Use a short email. The ideal length of your email is three or fourth paragraphs:
What does your company do?
What problem are you solving?
What’s special about your technology/marketing/expertise/connections?
Who are you?

Here are some things not to do:

Attach a PowerPoint presentation. Save it for the face-to-face meeting.

Use the word “patented” more than once. All it takes to file a patent is $1,000. No good venture capitalist believes patents makes your company defensible. They just want to learn (once) that there might be something worth patenting.

Claim that you’re in a multi-billion dollar market. Isn’t every company in a multi-billion market according to some study? At least every company that’s ever pitched a venture capitalist.

Provide a lofty financial projection. Most projections that I see show how you’ll grow faster than Google. Frankly, I wouldn’t provide any projection at all. It will be either too low and make your deal uninteresting or too high and make you look delusional.
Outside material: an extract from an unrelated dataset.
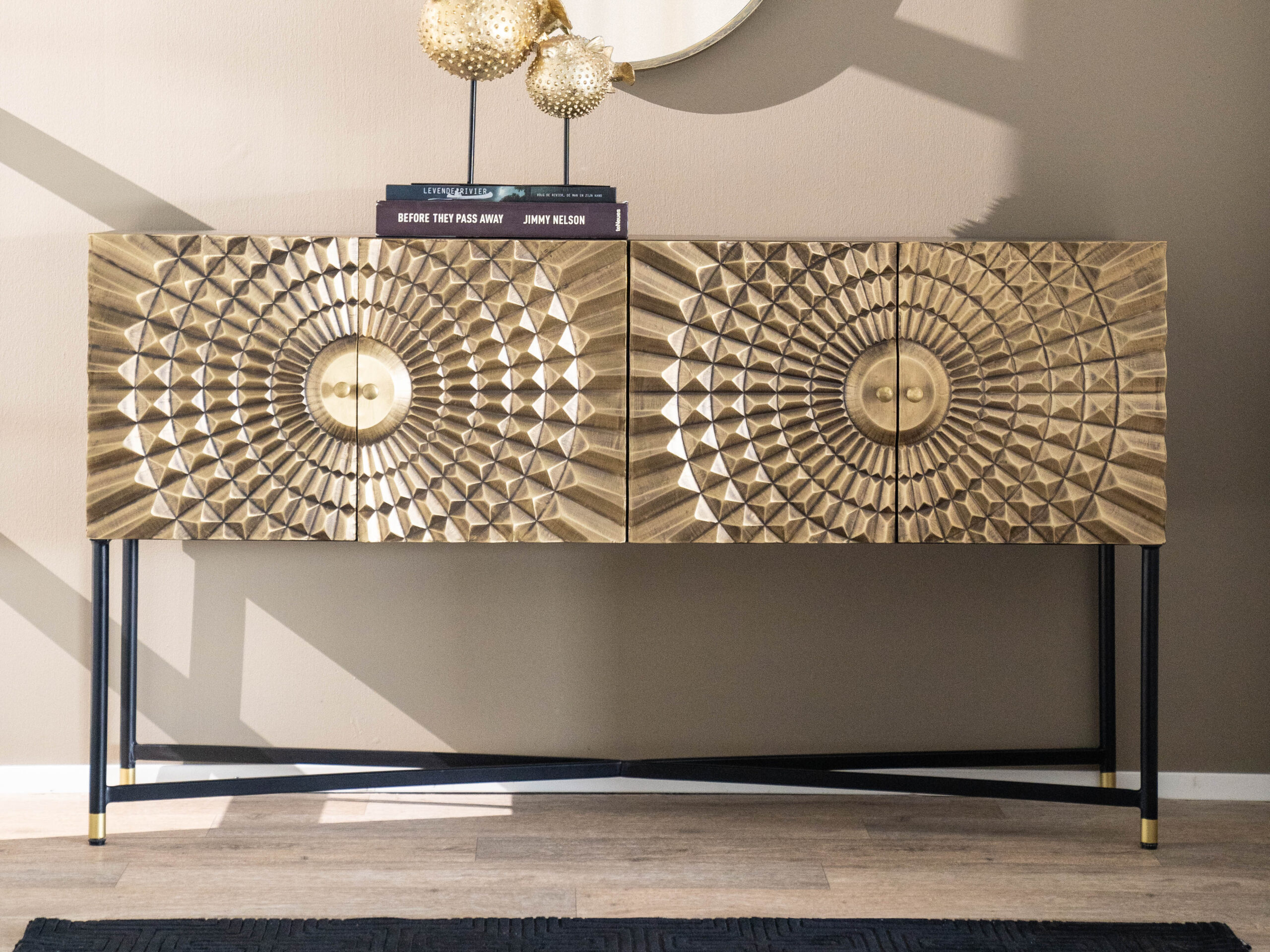 Met het prachtige dressoir Gladstone van Robuuste Tafels kunt u een relatief saaie woonkamer in één klap transformeren naar een trendy, chique, ruimte. Dit model bevat opvallende gouden deuren met reliëf en structuur. De gouden details in het onderstel maken de look compleet. Het is echt een zonnetje in huis!

Brag about an MBA degree. Most venture capitalists want to invest in hardcore engineers at the start. The MBAs can come later, so focus on engineering or avoid the subject at all.
Try to create the illusion of scarcity. Many entrepreneurs claim that “Sequoia is interested.” If Sequoia is interested, you should take its money. If it isn’t, then the venture capitalist won’t be either. Either way, don’t even think of blowing this smoke.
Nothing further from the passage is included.